Minn. police union calls out public employee union's support of protestors
The Minneapolis police union, which has defended the officers, has yet to release a statement of its own
By Libor Jany
MINNEAPOLIS, Minn. — St. Paul police union officials this week criticized the American Federation of State, County and Municipal Employees (AFSCME) Local 3800 for its support of protesters condemning the shooting death of 24-year-old Jamar Clark by Minneapolis police, calling it “so biased and ignorant — it is useless to even debate.”
In a news release, St. Paul Police Federation president David Titus said he was “highly disappointed” with a Nov. 15 resolution of support put out by Local 3800, as well as the presence of the union’s members at protests outside the Fourth Precinct police station in north Minneapolis.
The labor union, which represents University of Minnesota clerical workers, called the shooting an outgrowth of "deep-seated, systemic racism that persists in our country where young people of color are profiled, criminalized, brutalized by police all across America." Local 3800 members also held a rally in solidarity with Black Lives Matter last weekend near where Clark was shot.
Clark was shot in the early morning of Nov. 16 after a physical confrontation with police officers responding to a disturbance call at his sister's North Side apartment building.

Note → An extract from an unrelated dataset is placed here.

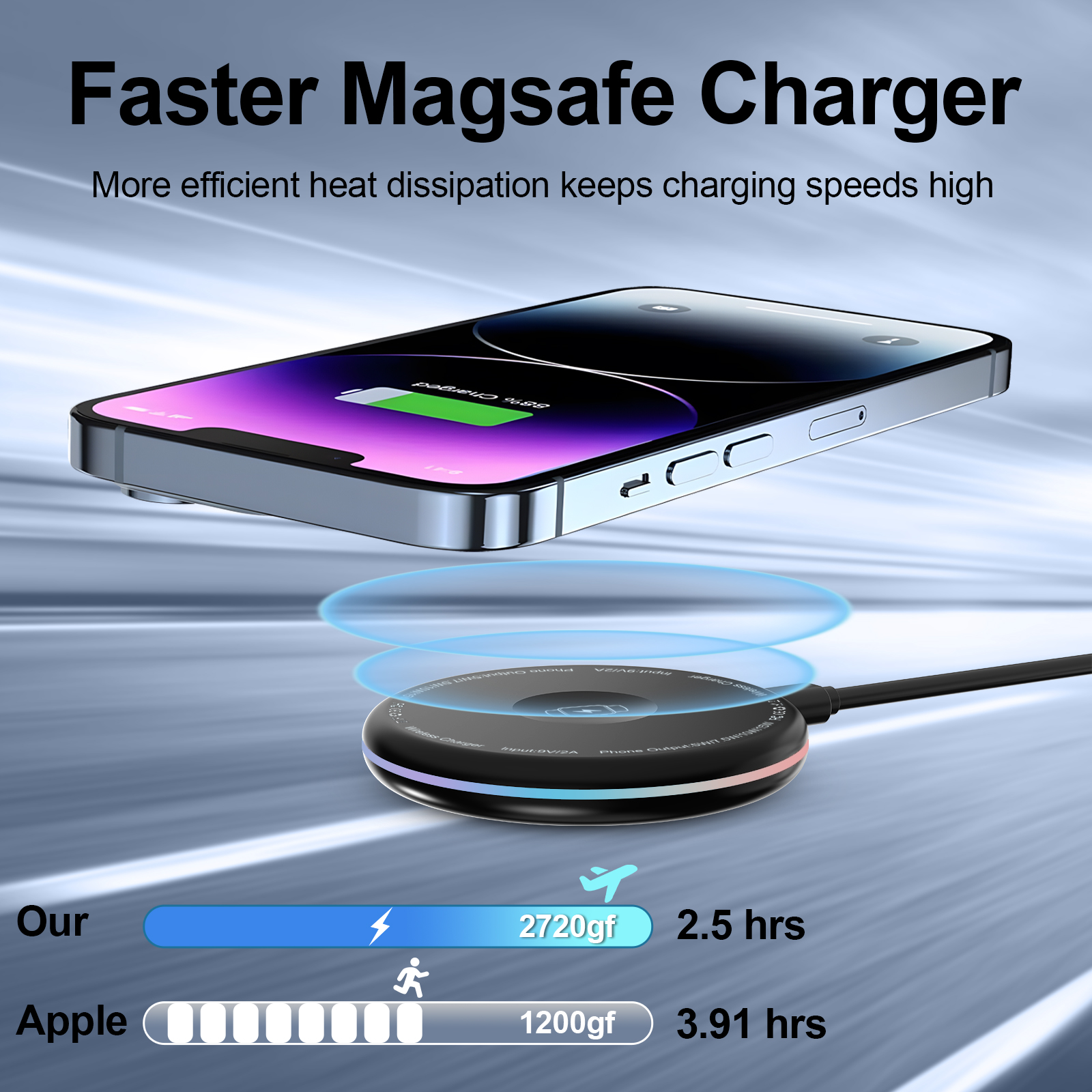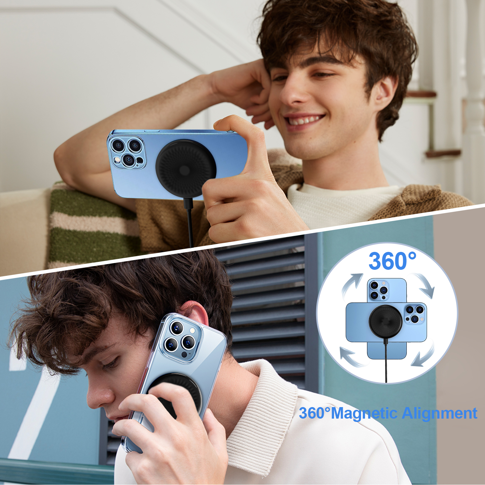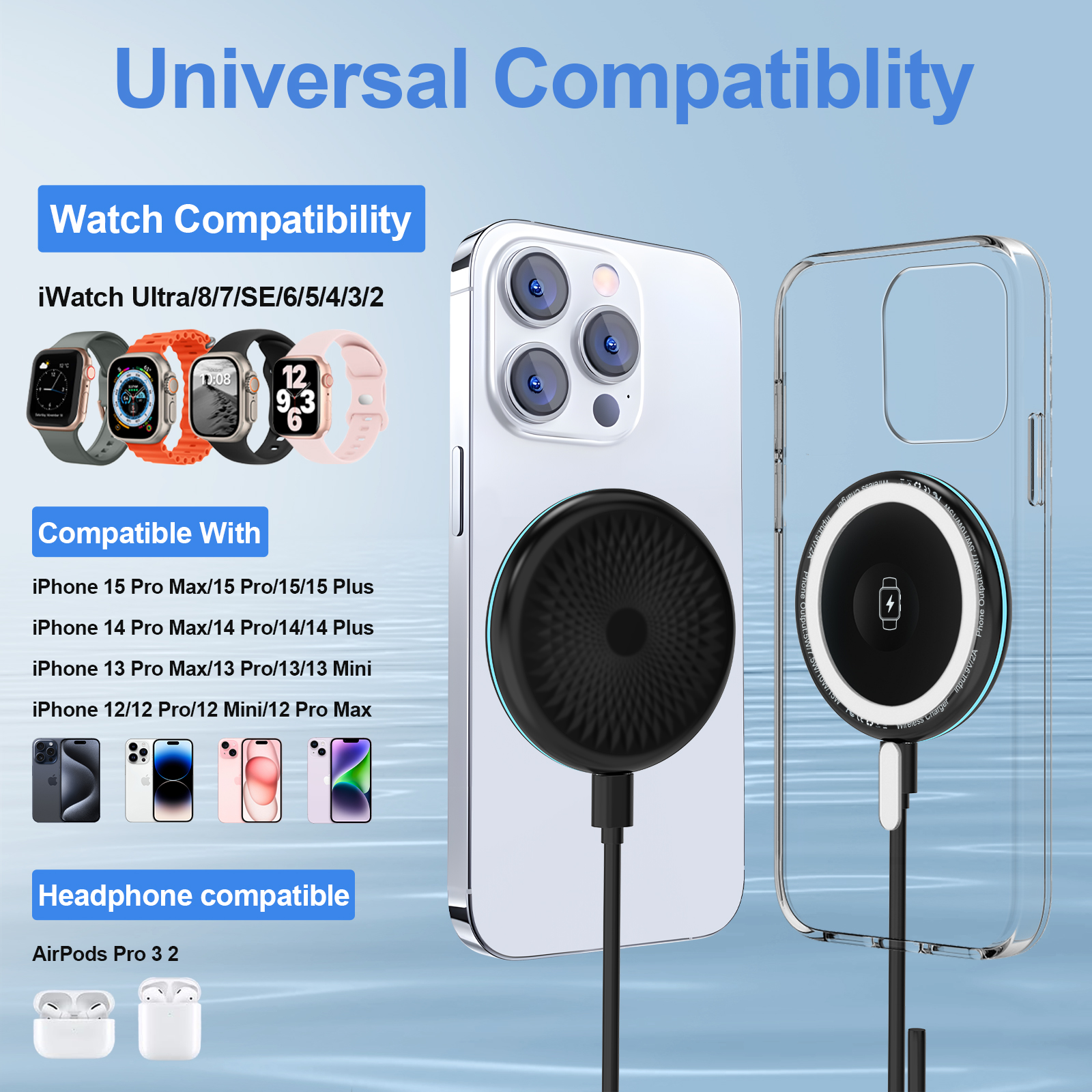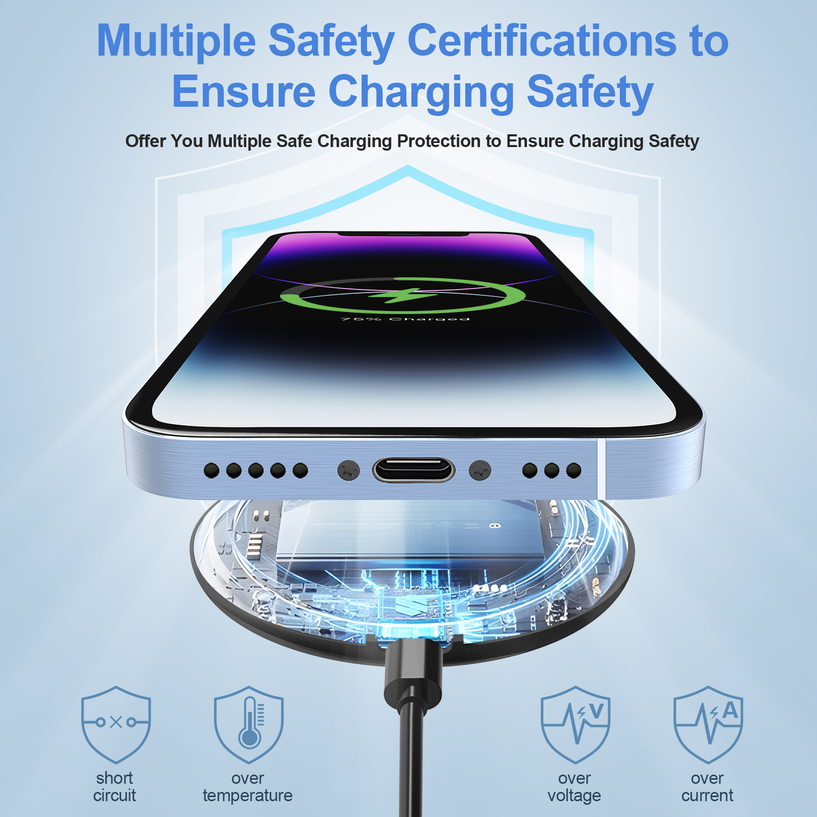 Our wireless charger supports multiple output modes of 15W, 10W, and 7.5W, ensuring compatibility with a wide variety of smartphones. Whether you’re in a rush or just setting your phone down for the night, this charger accommodates your needs, delivering a fast and efficient charge every time. With an output power of 15W, your devices get back to full power in record time, allowing you to stay productive throughout your day.

His death prompted days of public protests demanding an end to police brutality and the firing of the officers involved.
Last week, state and federal authorities opened separate investigations into the incident.
The read, in part:
“If you truly are ‘in solidarity with workers worldwide’ as your website displays - why were you not protesting the unsafe working conditions that rank and file officers (and possibly some AFSCME employees) endured this last week at the 4th Precinct? Bricks, rocks, mace and Molotov Cocktails were used against brother and sister union members. Where's the outrage? Where's the solidarity you speak of?”
Local 3800 leaders noted the union has a “longstanding belief in the need for solidarity between working people and an injury to one worker is an injury to all workers,” and joined protesters in demanding the release of any bystander and surveillance video of the incident. But Federation officials encouraged to “remember that there are men and women who gave an oath and work under very dangerous conditions every day protecting your rights to do so.”
Titus further urged the labor union to "replace" its statement "with language that is more reflective of your practices."